Seamless Transactions on Nirvana’s Distinctive Reserve-backed Floor
With the fast growth of crypto markets, questions are rising on whether these computer code-based projects have a working insurance policy or a backstop of last resort. Also, are these projects able to work on their own, free from external support and how truly decentralized are they?
Borrowing a leaf from the centralized financial institutions, a reserve asset is the asset used to store excess monetary energy across time. With a reserve-backed floor, projects can go beyond the normal offerings of blockchain entities and offer secure real-time payments and settlements system. A seamless payments infrastructure ensures your funds are available immediately to cater for your pending needs such as paying for utility bills.
Nirvana, a twin system of algorithmic wealth and ultra-low-risk stablecoin on the Solana network is taking this approach a notch higher with their reserve-backed rising floor strategy. The protocol produces the $ANA token – an algorithmic metastable token that serves as a store of wealth and the $NIRV token – a decentralized superstable store of value.
How Nirvana’s Reserve-backed Rising Floor Works
The Nirvana protocol owns $ANA’s liquidity such that when $ANA is purchased through the protocol’s central automated market maker (AMM), liquidity gets locked into the AMM. This creates a sell-depth for sales of $ANA tokens back to the AMM ensuring that no liquidity is rented from liquidity providers (LPs).
A unique price curve of this AMM encodes the reserve backing for $ANA ensuring that the token’s minimum price is at the floor. Putting it simply, the AMM allocates liquidity at the floor price for all $ANA tokens. The mechanism is crucial for the growth of the project as the backing for each $ANA token endows 1 $ANA with a certain intrinsic value, thereby, the protocol can always buy and burn 1 $ANA token for that value.
The backstop abides by the notion that the protocol can always be able to buy ANA at a certain value creates a floor price effect for ANA. Therefore, $ANA will not trade below this value or at the very least, it would not trade below it for too long. Take the example where the floor price is $100, and a third -exchange offer $97 for $ANA tokens, creating an arbitrage opportunity that seamlessly caused the $97 price to correct back to $100. An arbitrageur would buy ANA for $97, and sell it to the protocol for $100, netting a profit.
The Nirvana protocol works to maintain the intrinsic value of all $ANA tokens in supply making sure that when it buys $ANA for its intrinsic value, it burns the $ANA tokens. For example, with 10 ANA tokens in supply at a set floor price of $100, the protocol denotes a $1,000 value in the treasury.
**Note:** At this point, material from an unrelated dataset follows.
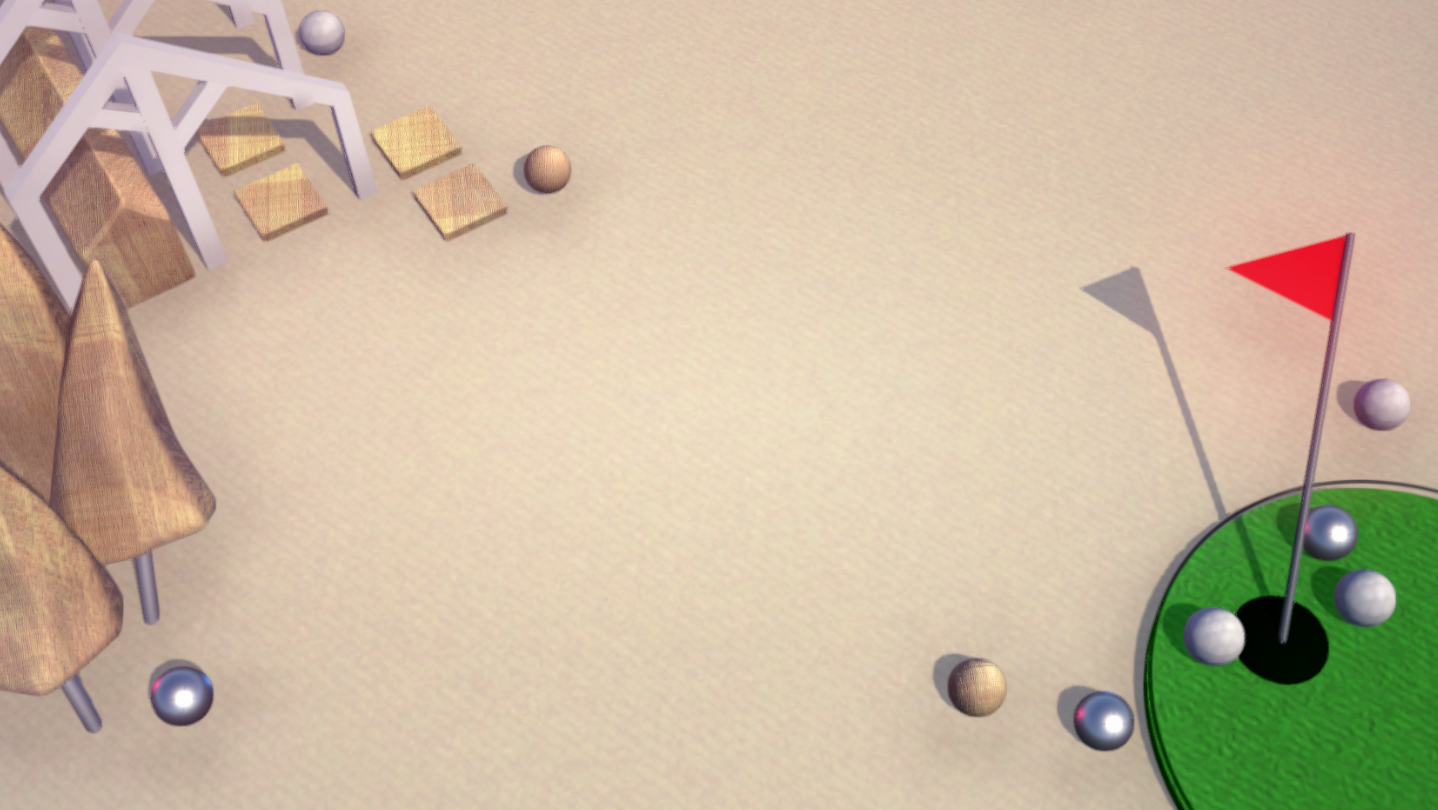 Spela dig genom procedurgenererade banor, håll dig under par och använd dina extraslag för att köpa uppgraderingar.

If the protocol buys back 1 ANA for $100, it will burn the ANA, reducing the supply to 9 ANA to match the new treasury value of $900. The intrinsic value remains the same ($10) after this purchase.
It is good to maintain a token’s intrinsic value since this is the measure of what your digital asset is worth.
Maintaining Intrinsic Value with a Reserve-backed Floor
The past few years have seen cryptocurrencies acquiring a growing social and economic interest. With this growth, it is extremely important to protect a toke’s intrinsic value ensuring that a token’s growth is at par with its adoption and success in its chosen field. Having a token without intrinsic value will see its price supported by speculation alone making it prone to failure in the long-run.
$ANA’s floor price explained
$ANA’s intrinsic value changes over time, and only ever increases as the floor price is designed to ratchet up and not recede. The floor is encoded in Nirvana protocol’s AMM price curve ensuring that the spot market for $ANA allocates its liquidity so that there always is liquidity to pay back $ANA at the floor price. There might be cases where surplus liquidity comes along and the protocol reallocates it to raise the floor for all tokens.
In summation, Nirvana embeds $ANA’s intrinsic value to its business model and to the ecosystem it generates.
Final Thoughts
The innovative AMM within Nirvana contains its rising floor mechanism maintaining a pool of cash liquidity as opposed to the infamous legacy constant product pool. The AMM mints ANA just in time when ANA is purchased, and burns ANA when it is sold back.
A proper token economic model is important for both investors and cryptocurrency founders to think about as it acts as the determining factor on whether a token price will succeed or fail. Nirvana has set the pace for incoming projects to follow, based on using your token to capture the value created by the project.